__REQUIRED WORK__
All the lines below should appear again unchanged, though their pictures should not.

__RECORD EXCERPTS__
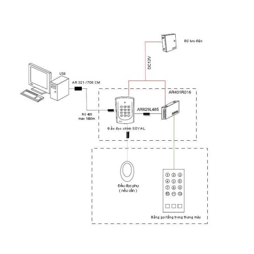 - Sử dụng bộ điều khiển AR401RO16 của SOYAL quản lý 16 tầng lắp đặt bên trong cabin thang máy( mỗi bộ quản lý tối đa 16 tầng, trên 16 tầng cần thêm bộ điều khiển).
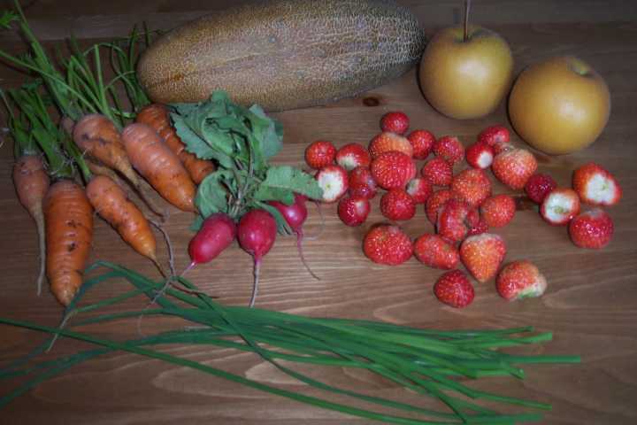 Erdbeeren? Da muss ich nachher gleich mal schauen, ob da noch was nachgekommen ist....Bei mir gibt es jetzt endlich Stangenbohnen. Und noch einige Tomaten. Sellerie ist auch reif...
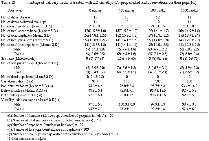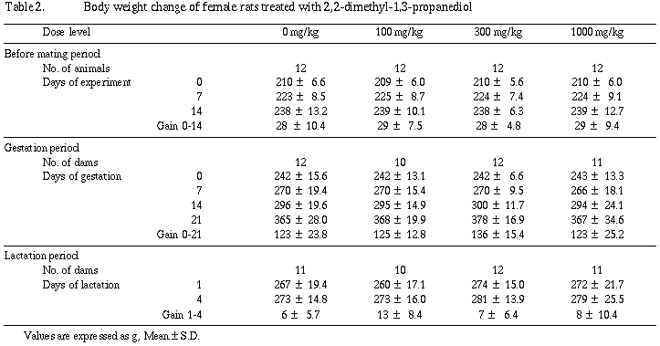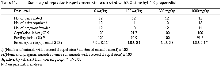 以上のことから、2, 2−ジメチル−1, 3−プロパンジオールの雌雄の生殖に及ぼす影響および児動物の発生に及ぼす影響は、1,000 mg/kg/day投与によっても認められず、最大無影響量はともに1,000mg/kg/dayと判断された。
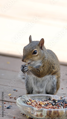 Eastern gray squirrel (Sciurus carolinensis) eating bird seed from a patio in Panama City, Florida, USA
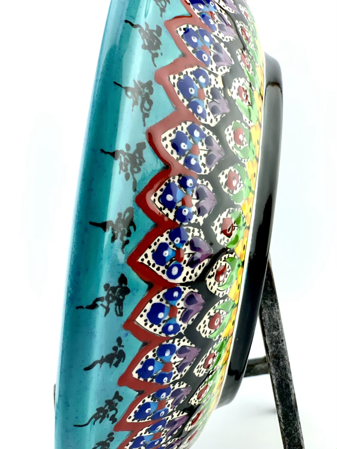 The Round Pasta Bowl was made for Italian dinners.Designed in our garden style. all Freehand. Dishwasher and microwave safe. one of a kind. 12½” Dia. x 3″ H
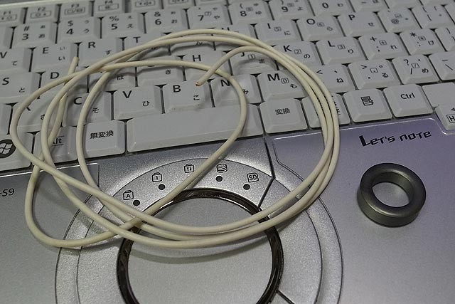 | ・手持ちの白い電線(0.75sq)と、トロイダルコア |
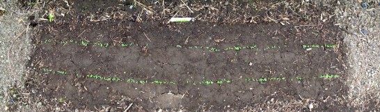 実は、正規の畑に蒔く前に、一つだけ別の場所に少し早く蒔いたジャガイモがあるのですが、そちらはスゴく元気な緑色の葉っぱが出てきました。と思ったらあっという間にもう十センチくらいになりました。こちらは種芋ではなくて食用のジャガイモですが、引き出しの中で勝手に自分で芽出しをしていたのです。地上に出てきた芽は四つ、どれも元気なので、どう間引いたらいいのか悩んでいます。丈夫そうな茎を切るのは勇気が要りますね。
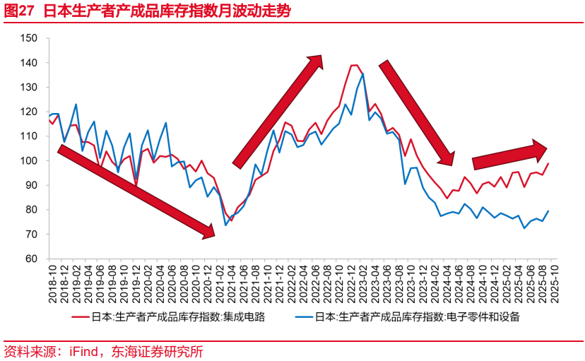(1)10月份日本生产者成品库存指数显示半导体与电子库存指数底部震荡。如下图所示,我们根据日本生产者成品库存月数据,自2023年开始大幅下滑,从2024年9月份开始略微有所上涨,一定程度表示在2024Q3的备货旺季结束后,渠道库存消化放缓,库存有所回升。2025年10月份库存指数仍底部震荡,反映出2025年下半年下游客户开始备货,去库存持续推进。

__RESULT__
 - Sử dụng bộ điều khiển AR401RO16 của SOYAL quản lý 16 tầng lắp đặt bên trong cabin thang máy( mỗi bộ quản lý tối đa 16 tầng, trên 16 tầng cần thêm bộ điều khiển).
 Erdbeeren? Da muss ich nachher gleich mal schauen, ob da noch was nachgekommen ist....Bei mir gibt es jetzt endlich Stangenbohnen. Und noch einige Tomaten. Sellerie ist auch reif...
 以上のことから、2, 2−ジメチル−1, 3−プロパンジオールの雌雄の生殖に及ぼす影響および児動物の発生に及ぼす影響は、1,000 mg/kg/day投与によっても認められず、最大無影響量はともに1,000mg/kg/dayと判断された。
 Eastern gray squirrel (Sciurus carolinensis) eating bird seed from a patio in Panama City, Florida, USA
 The Round Pasta Bowl was made for Italian dinners.Designed in our garden style. all Freehand. Dishwasher and microwave safe. one of a kind. 12½” Dia. x 3″ H
 | ・手持ちの白い電線(0.75sq)と、トロイダルコア |
 実は、正規の畑に蒔く前に、一つだけ別の場所に少し早く蒔いたジャガイモがあるのですが、そちらはスゴく元気な緑色の葉っぱが出てきました。と思ったらあっという間にもう十センチくらいになりました。こちらは種芋ではなくて食用のジャガイモですが、引き出しの中で勝手に自分で芽出しをしていたのです。地上に出てきた芽は四つ、どれも元気なので、どう間引いたらいいのか悩んでいます。丈夫そうな茎を切るのは勇気が要りますね。
(1)10月份日本生产者成品库存指数显示半导体与电子库存指数底部震荡。如下图所示,我们根据日本生产者成品库存月数据,自2023年开始大幅下滑,从2024年9月份开始略微有所上涨,一定程度表示在2024Q3的备货旺季结束后,渠道库存消化放缓,库存有所回升。2025年10月份库存指数仍底部震荡,反映出2025年下半年下游客户开始备货,去库存持续推进。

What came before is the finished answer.